[Assignment]
Your reply should consist only of the lines from the one holding "Golden Resolve radiates" to the last line of the data below, written out exactly and without pictures.
*** Opening Stored data ***
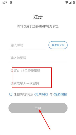 4、根據(jù)要求設(shè)置密碼,點(diǎn)擊注冊(cè)即可完成注冊(cè)。
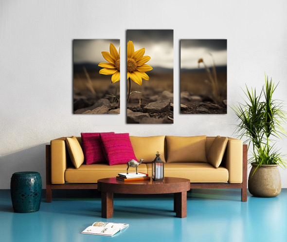 Golden Resolve radiates quiet determination — a sunflower blooming strong against the muted tones of a weathered landscape. Sepia light softens the field into a dreamlike haze, bridging nostalgia and strength. Ideal for farmhouse, rustic, or modern transitional spaces. Choose canvas for earthy texture, HD metal for rich contrast, acrylic for luminous depth, or framed fine-art paper for timeless elegance. Printed with archival inks on museum-quality substrates. Curated by Savage Art Prints.
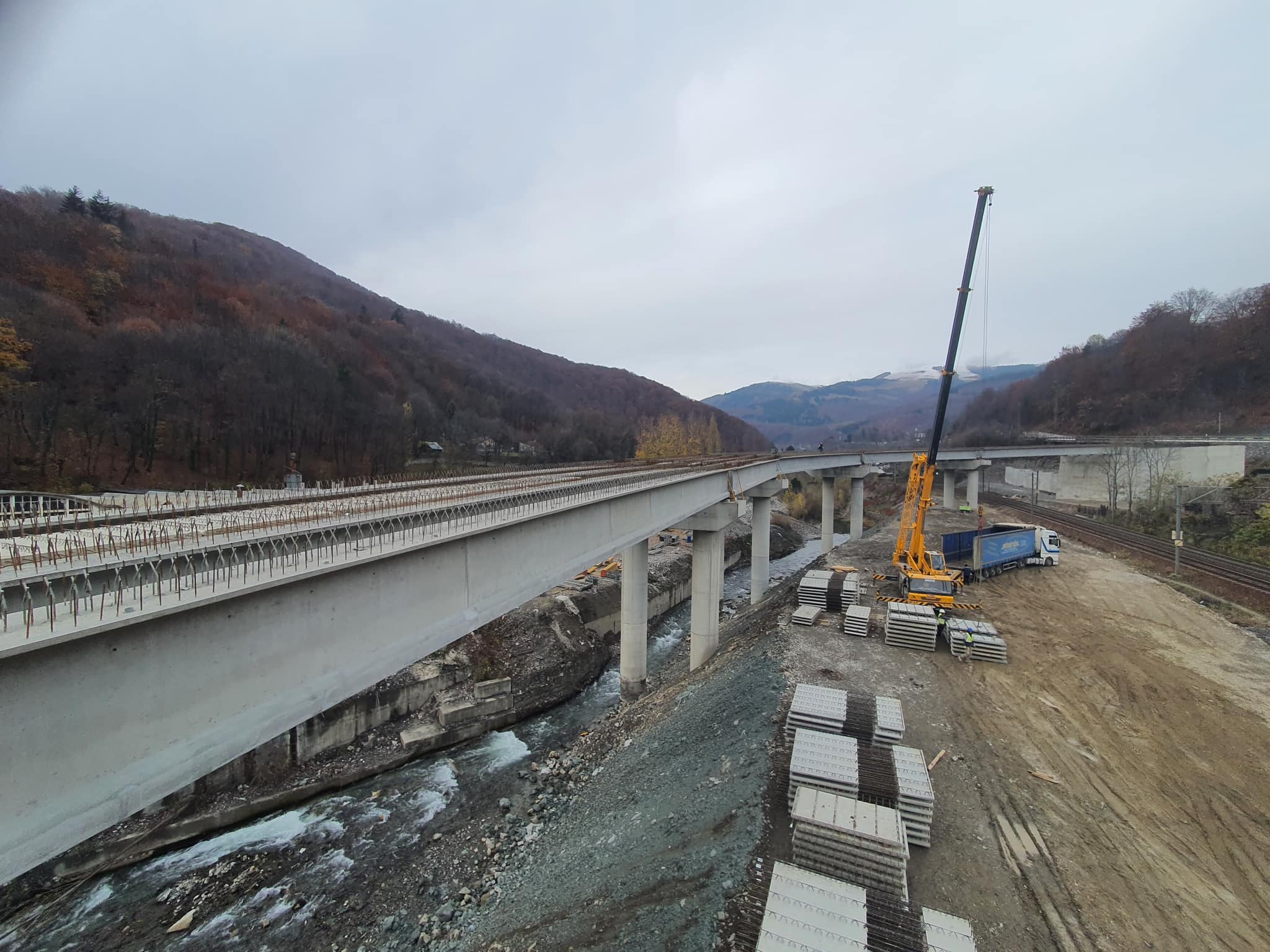● a început montarea grinzilor, fiind deja finalizate pe primele 5 deschideri ale pasajului
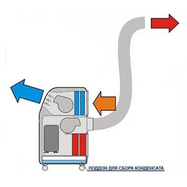 N'oubliez pas que, contrairement aux climatiseurs de fenêtre et aux systèmes split, un climatiseur mobile au sol n'a pas de tuyaux de drainage et l'eau prélevée dans l'air pendant le fonctionnement est accumulée dans un récipient spécial. Certains modèles ont des tuyaux spéciaux pour drainer l'eau dans un puisard ou un bassin pendant le fonctionnement du climatiseur, mais même dans ce cas, une quantité notable d'eau peut rester à l'intérieur. L'eau résiduelle doit être éliminée en inclinant l'appareil vers l'orifice de vidange. De plus, il est fortement conseillé d'allumer le climatiseur pour le stockage hivernal pendant environ une heure en mode ventilation afin de sécher l'échangeur de chaleur.
*** Closing Stored data ***
[Reply]
 Golden Resolve radiates quiet determination — a sunflower blooming strong against the muted tones of a weathered landscape. Sepia light softens the field into a dreamlike haze, bridging nostalgia and strength. Ideal for farmhouse, rustic, or modern transitional spaces. Choose canvas for earthy texture, HD metal for rich contrast, acrylic for luminous depth, or framed fine-art paper for timeless elegance. Printed with archival inks on museum-quality substrates. Curated by Savage Art Prints.
● a început montarea grinzilor, fiind deja finalizate pe primele 5 deschideri ale pasajului
 N'oubliez pas que, contrairement aux climatiseurs de fenêtre et aux systèmes split, un climatiseur mobile au sol n'a pas de tuyaux de drainage et l'eau prélevée dans l'air pendant le fonctionnement est accumulée dans un récipient spécial. Certains modèles ont des tuyaux spéciaux pour drainer l'eau dans un puisard ou un bassin pendant le fonctionnement du climatiseur, mais même dans ce cas, une quantité notable d'eau peut rester à l'intérieur. L'eau résiduelle doit être éliminée en inclinant l'appareil vers l'orifice de vidange. De plus, il est fortement conseillé d'allumer le climatiseur pour le stockage hivernal pendant environ une heure en mode ventilation afin de sécher l'échangeur de chaleur.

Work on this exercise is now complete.